In real hardware, the systems we're trying to emulate (usually) have multiple "active" devices, and they run in a truly parallel fashion. The timing of interactions that occur in this system are inherent. If you have two devices, both running off a shared/related clock source, both with fixed known timing charateristics, they'll interact in a predictable way. They may interact millions of times a second, with their operations interleaving in a consistent fashion. Emulating a single active device is relatively easy. Emulating multiple active devices at once, and getting absolutely every interaction between them in the right order with the correct relative timing is much, much harder.

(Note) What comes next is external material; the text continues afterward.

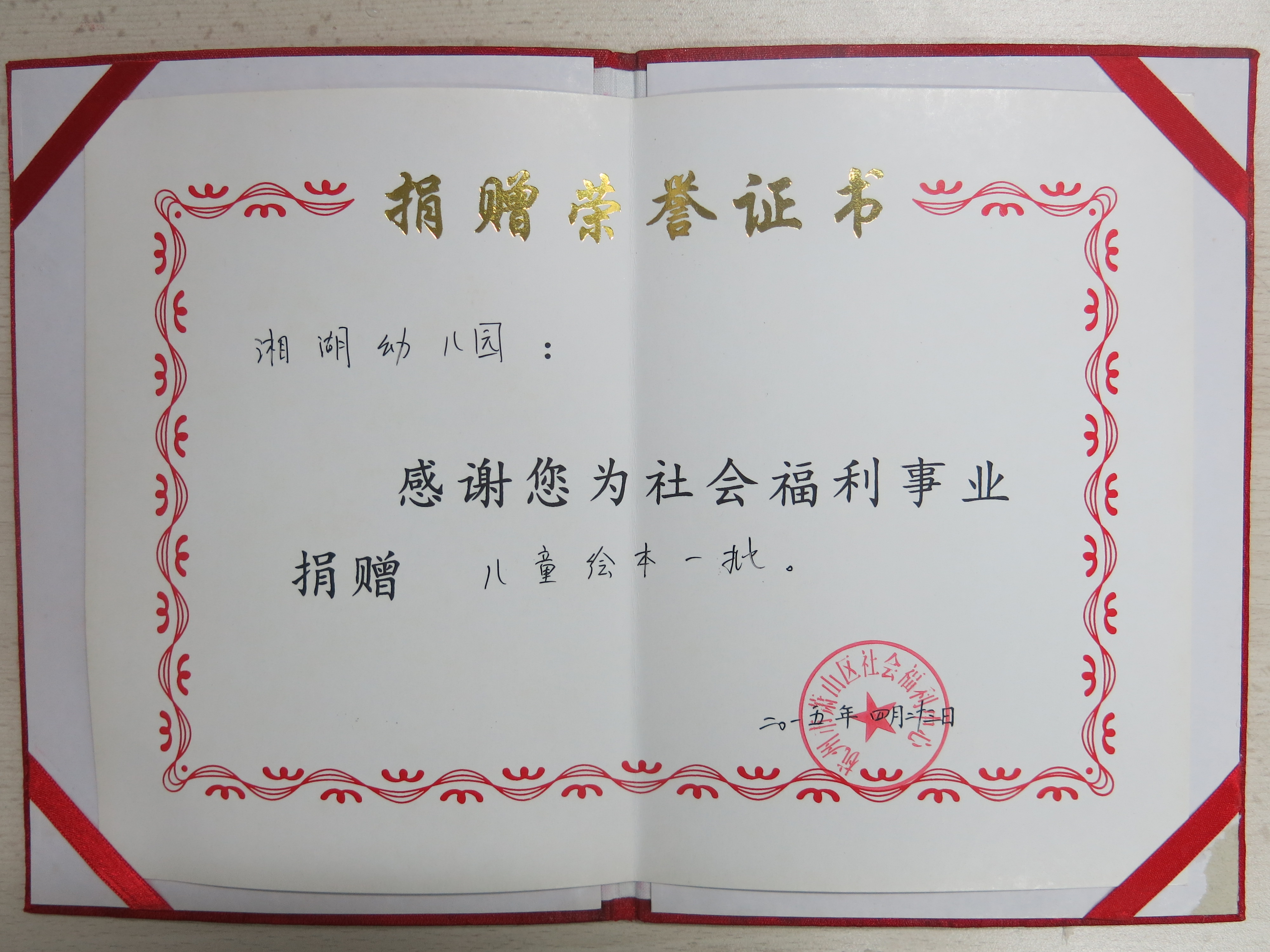 湘湖幼儿园2015年荣获萧山区社会福利中心捐赠荣誉证书
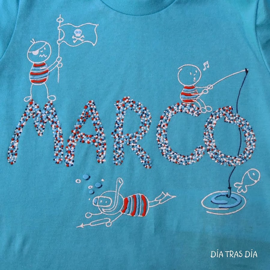 En concreto me pidieron el modelo en el que los monigotes van de temática marinera. Hice una así para Celia, la artista que se esconde detrás de Punt a Punt, hace un par de veranos para su hijo Marc. Os refresco la memoria con la camiseta de Marc:

It's worth noting at this point, that historically most emulators haven't really tried to solve this problem. Genecyst could run Mega Drive games at full speed on a Pentium 133. How could it do this? One reason was that, like most emulators after it, it didn't attempt to get perfect timing accuracy. Although a bit of a simplification, it would basically just say "run the 68000 for X amount of time, then run the Z80 for X amount of time, then run the 68000 for another X, etc". The timing accuracy was limited to saying the two devices are "within X of each other" at any point in time. As it happens, that's enough to get a lot of code working. Why? Because the timing requirements often depend on the actual code being run within the system you're emulating. You can write code that'll work even if the timing of the system is massively off. You can also write code that requires bleeding-edge timing cases to be emulated perfectly, or it all falls down in a massive heap. If you want to write an emulator that plays some (or even most) games on a given system with the apparent correct result as far as the player can see, and you don't care about more than that, you can do some really simple nieve things and get what you want. If you want to write an emulator that runs all code exactly and precisely in the same way as the original system, such that nobody can write any code that can behave differently on your emulator than the real hardware (intentionally or unintentionally), you have to go all in and fully emulate the timing interactions faithfully.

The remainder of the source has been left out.